What you should do: Entries below include pictures. Output exactly the lines from the one with "IPX7基準の防水設計(※6" down to the one with "为了能在老员工心理协会新成员", both ends included, and leave the pictures out.

BEGIN Supplied records

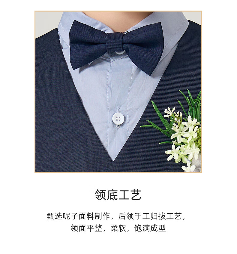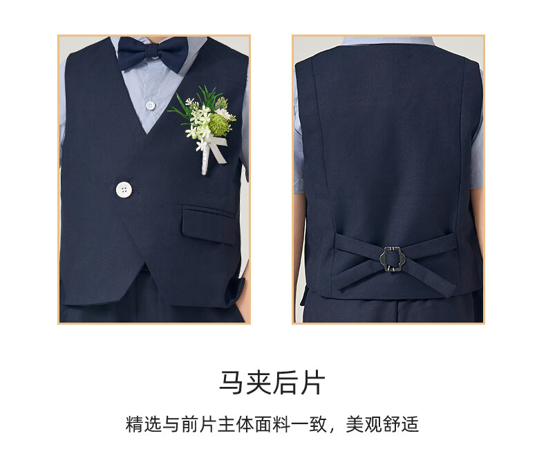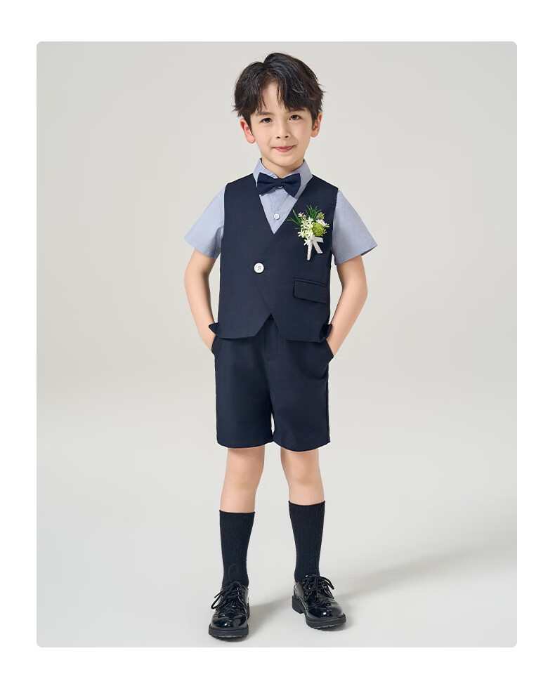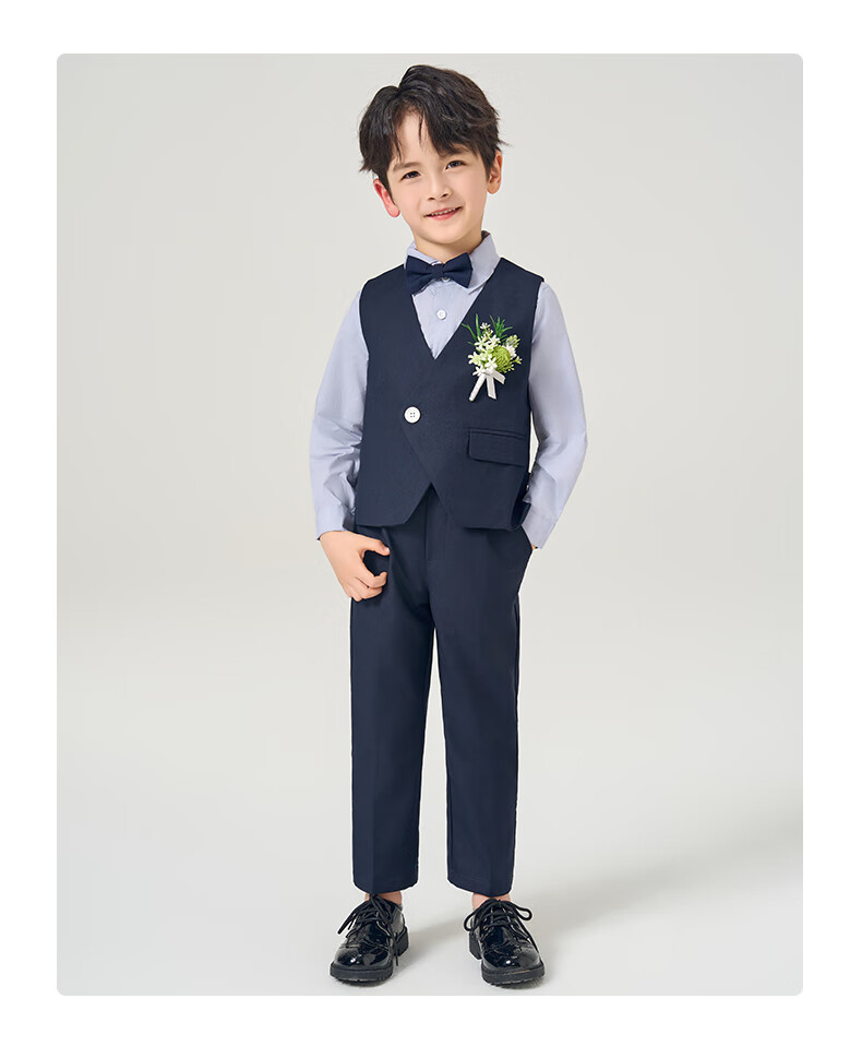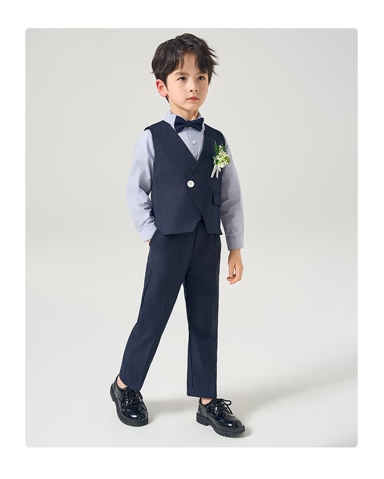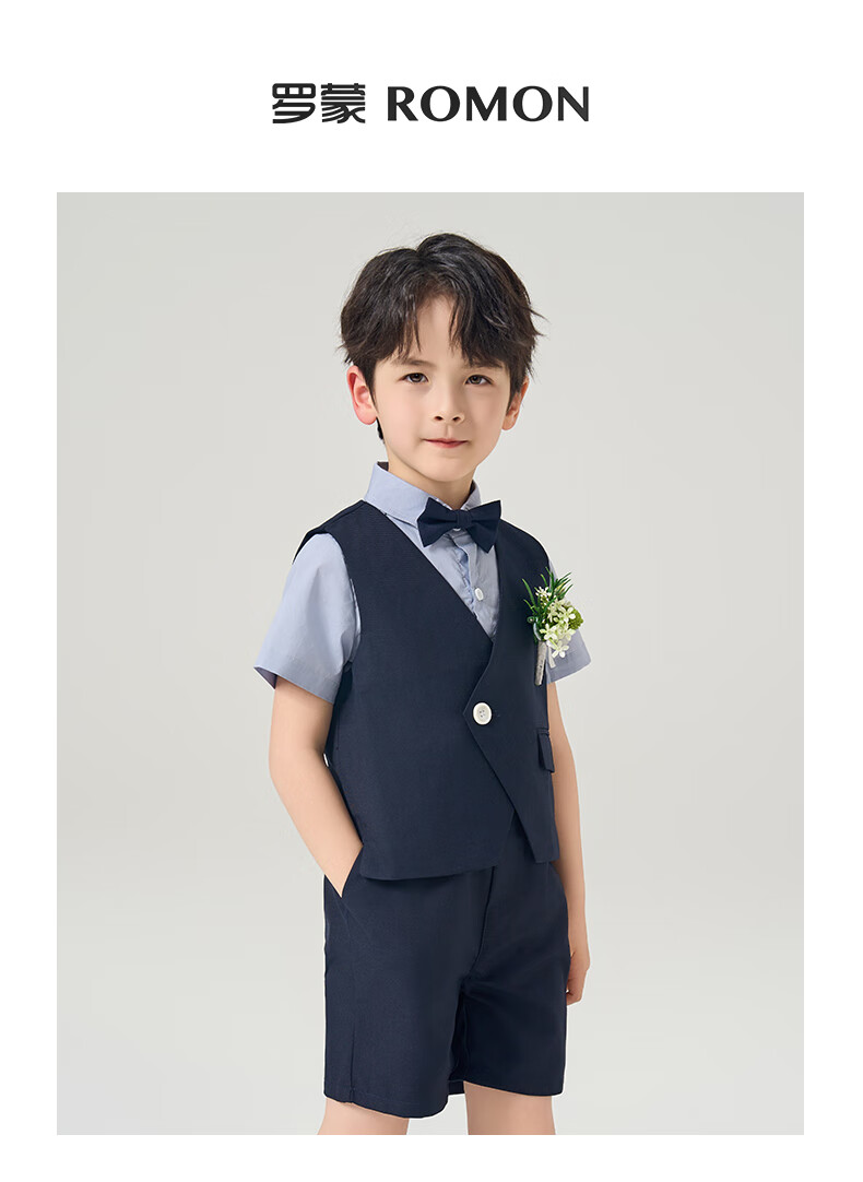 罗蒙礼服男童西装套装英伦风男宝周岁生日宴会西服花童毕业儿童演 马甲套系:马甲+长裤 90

END Supplied records
BEGIN Supplied records

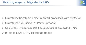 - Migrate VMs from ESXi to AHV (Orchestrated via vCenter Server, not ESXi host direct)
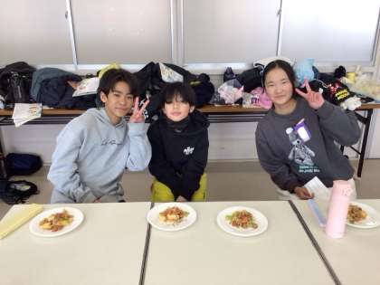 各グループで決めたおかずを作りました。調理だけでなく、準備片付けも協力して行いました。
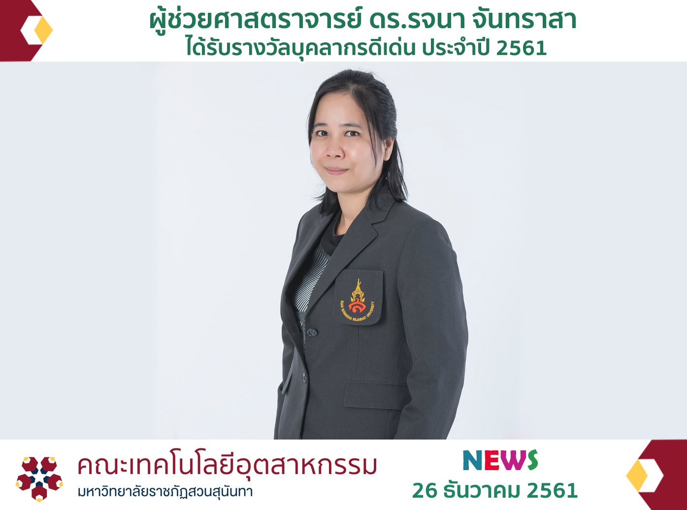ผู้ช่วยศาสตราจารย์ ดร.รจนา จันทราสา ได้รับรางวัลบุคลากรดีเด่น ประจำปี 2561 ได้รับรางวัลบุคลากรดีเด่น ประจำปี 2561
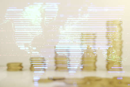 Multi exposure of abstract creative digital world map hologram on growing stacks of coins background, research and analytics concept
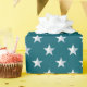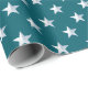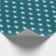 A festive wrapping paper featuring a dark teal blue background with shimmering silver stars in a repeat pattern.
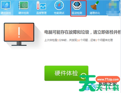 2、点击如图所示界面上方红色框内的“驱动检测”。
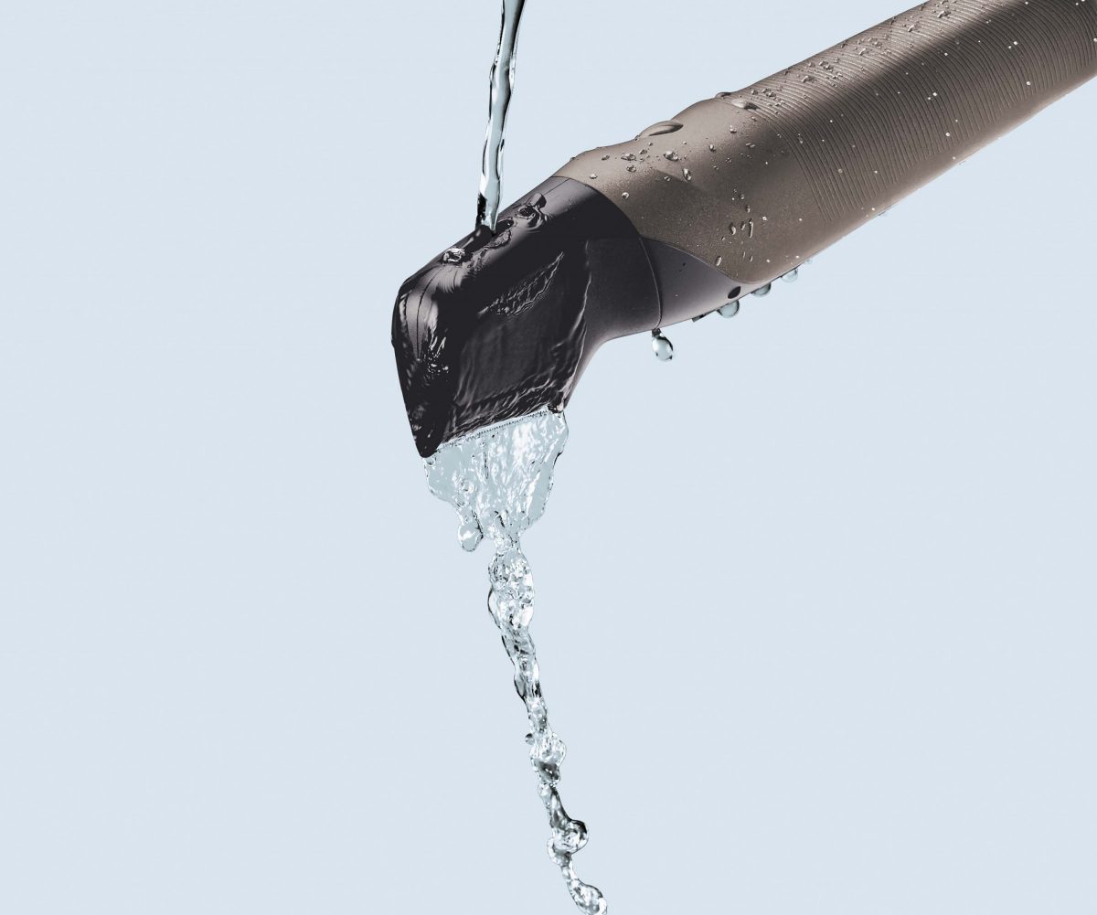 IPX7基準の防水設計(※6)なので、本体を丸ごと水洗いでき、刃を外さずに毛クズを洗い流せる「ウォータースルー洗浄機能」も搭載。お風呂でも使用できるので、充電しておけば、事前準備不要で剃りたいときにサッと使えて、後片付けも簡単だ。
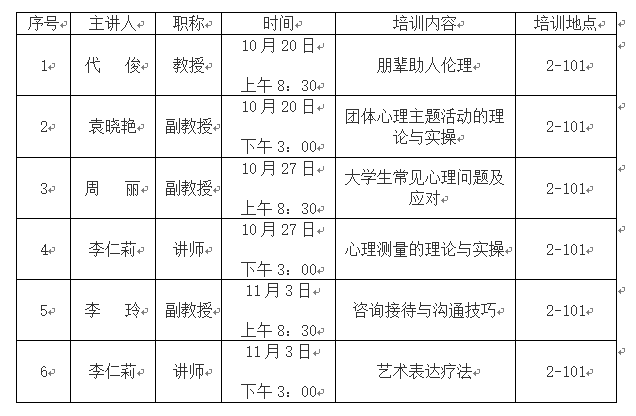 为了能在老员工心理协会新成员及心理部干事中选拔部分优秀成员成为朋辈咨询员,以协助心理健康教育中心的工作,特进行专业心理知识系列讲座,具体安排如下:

END Supplied records

Completed exercise:
 IPX7基準の防水設計(※6)なので、本体を丸ごと水洗いでき、刃を外さずに毛クズを洗い流せる「ウォータースルー洗浄機能」も搭載。お風呂でも使用できるので、充電しておけば、事前準備不要で剃りたいときにサッと使えて、後片付けも簡単だ。
 为了能在老员工心理协会新成员及心理部干事中选拔部分优秀成员成为朋辈咨询员,以协助心理健康教育中心的工作,特进行专业心理知识系列讲座,具体安排如下:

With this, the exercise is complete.